→ RECORDS SHOWN
....................
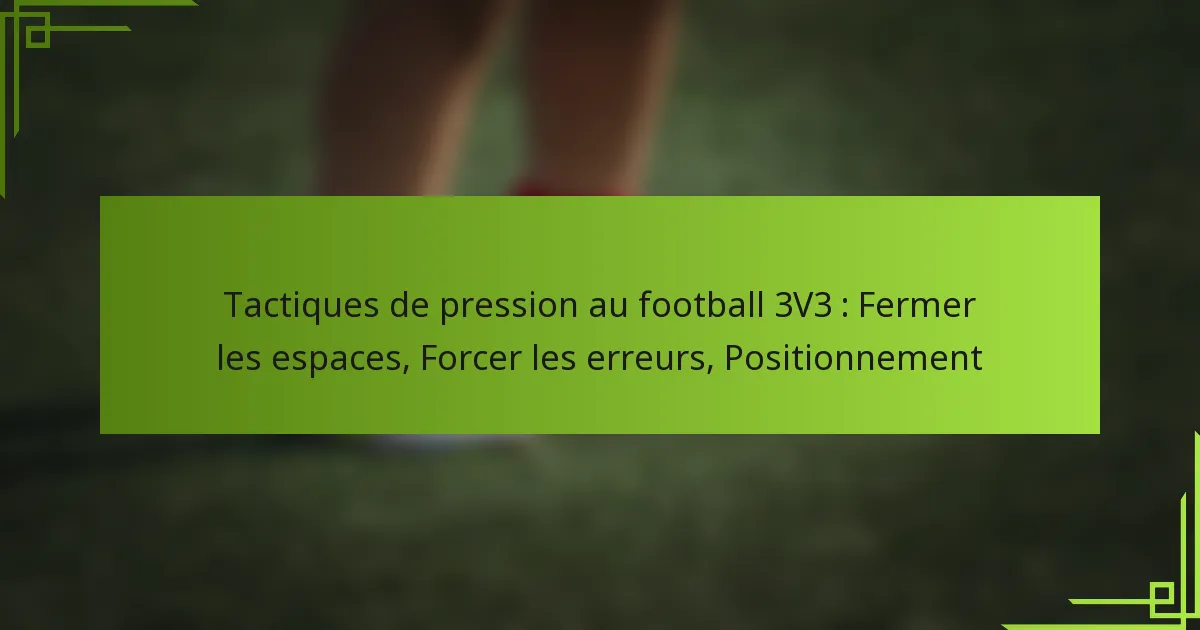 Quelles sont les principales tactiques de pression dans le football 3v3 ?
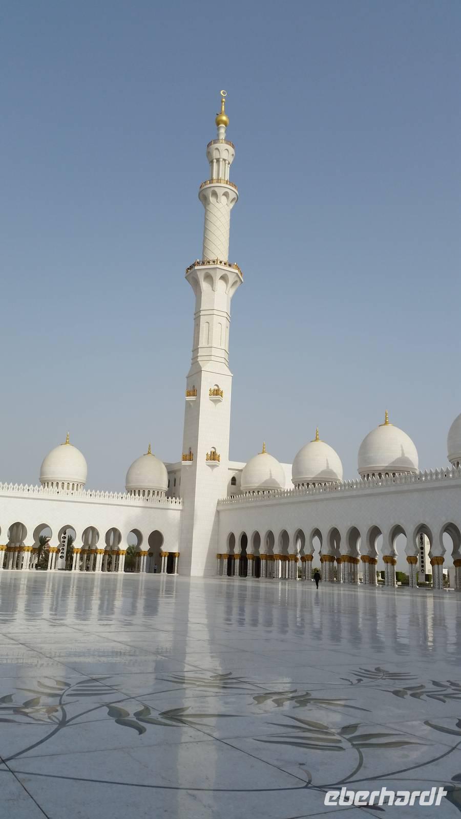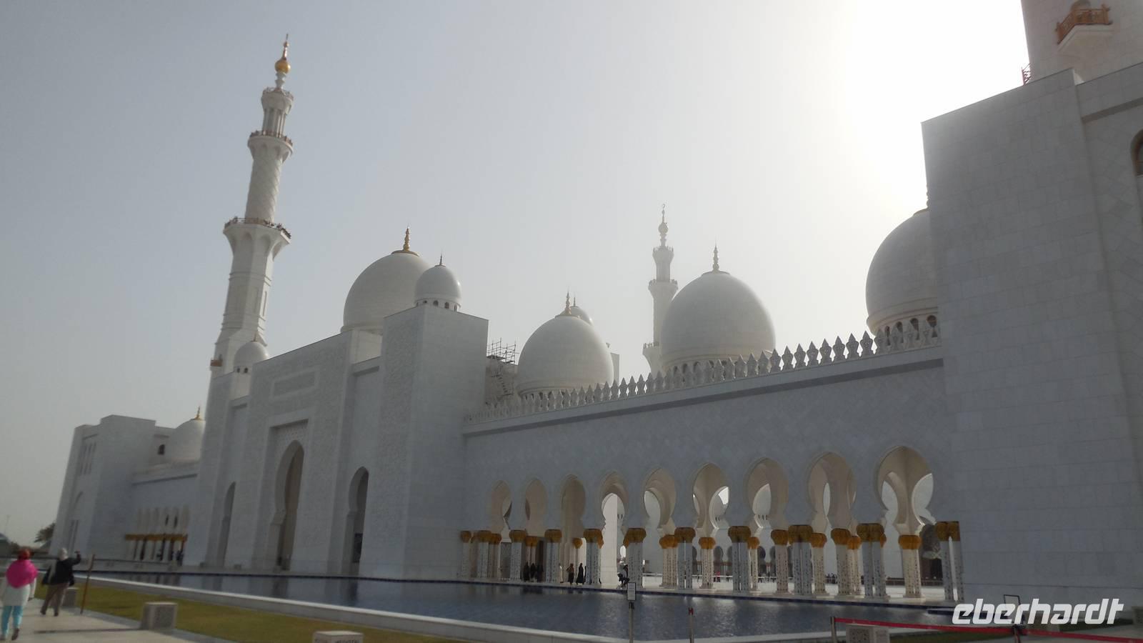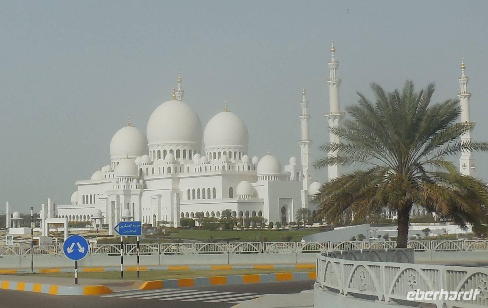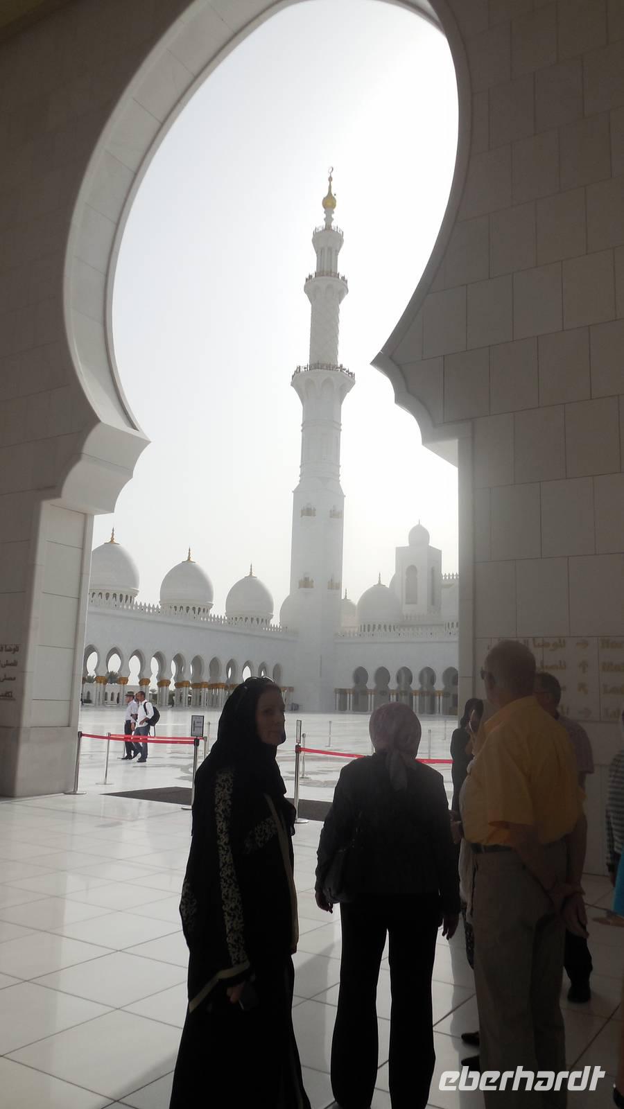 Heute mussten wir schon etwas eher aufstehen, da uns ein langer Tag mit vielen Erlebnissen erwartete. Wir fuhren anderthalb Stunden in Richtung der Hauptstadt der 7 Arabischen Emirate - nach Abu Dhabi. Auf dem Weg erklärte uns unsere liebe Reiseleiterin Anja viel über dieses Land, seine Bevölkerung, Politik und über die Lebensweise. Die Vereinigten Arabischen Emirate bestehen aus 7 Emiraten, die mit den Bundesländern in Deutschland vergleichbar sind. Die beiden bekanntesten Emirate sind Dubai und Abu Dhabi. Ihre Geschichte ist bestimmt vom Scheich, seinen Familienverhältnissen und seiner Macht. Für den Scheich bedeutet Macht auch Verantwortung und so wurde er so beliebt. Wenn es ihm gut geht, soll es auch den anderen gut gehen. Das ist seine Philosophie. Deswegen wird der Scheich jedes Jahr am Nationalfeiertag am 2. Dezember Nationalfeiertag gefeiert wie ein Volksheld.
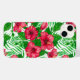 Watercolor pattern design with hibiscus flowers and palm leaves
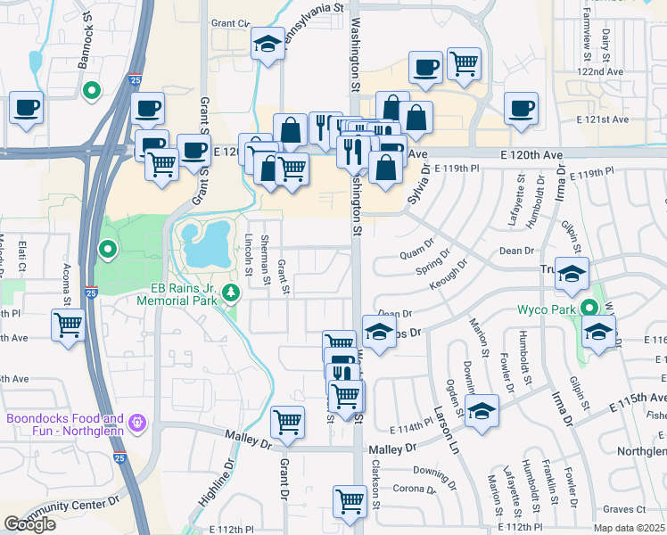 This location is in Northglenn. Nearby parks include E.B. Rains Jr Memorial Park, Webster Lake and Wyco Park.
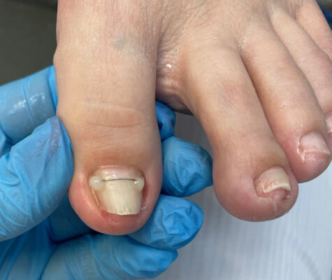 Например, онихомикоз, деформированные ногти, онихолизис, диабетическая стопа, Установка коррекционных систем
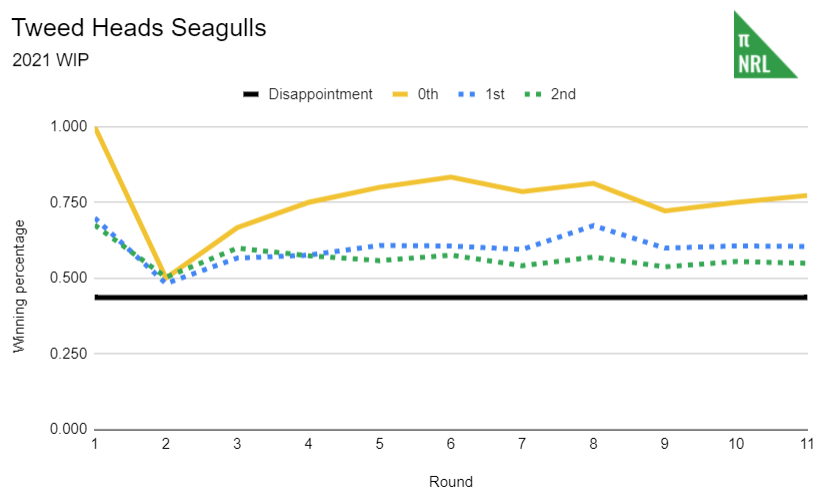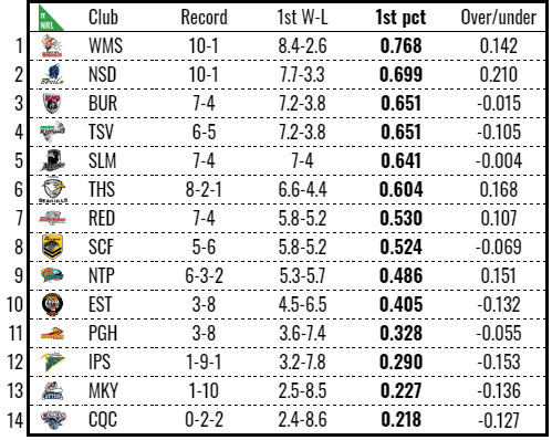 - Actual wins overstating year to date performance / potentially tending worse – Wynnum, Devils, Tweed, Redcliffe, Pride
....................
→ AIM OF THE EXERCISE
The lines needed run from the first line of the records through the line containing "Например, онихомикоз, деформированные", both included. Restate them word for word, without pictures.

→ WRITTEN SOLUTION
 Quelles sont les principales tactiques de pression dans le football 3v3 ?
 Heute mussten wir schon etwas eher aufstehen, da uns ein langer Tag mit vielen Erlebnissen erwartete. Wir fuhren anderthalb Stunden in Richtung der Hauptstadt der 7 Arabischen Emirate - nach Abu Dhabi. Auf dem Weg erklärte uns unsere liebe Reiseleiterin Anja viel über dieses Land, seine Bevölkerung, Politik und über die Lebensweise. Die Vereinigten Arabischen Emirate bestehen aus 7 Emiraten, die mit den Bundesländern in Deutschland vergleichbar sind. Die beiden bekanntesten Emirate sind Dubai und Abu Dhabi. Ihre Geschichte ist bestimmt vom Scheich, seinen Familienverhältnissen und seiner Macht. Für den Scheich bedeutet Macht auch Verantwortung und so wurde er so beliebt. Wenn es ihm gut geht, soll es auch den anderen gut gehen. Das ist seine Philosophie. Deswegen wird der Scheich jedes Jahr am Nationalfeiertag am 2. Dezember Nationalfeiertag gefeiert wie ein Volksheld.
 Watercolor pattern design with hibiscus flowers and palm leaves
 This location is in Northglenn. Nearby parks include E.B. Rains Jr Memorial Park, Webster Lake and Wyco Park.
 Например, онихомикоз, деформированные ногти, онихолизис, диабетическая стопа, Установка коррекционных систем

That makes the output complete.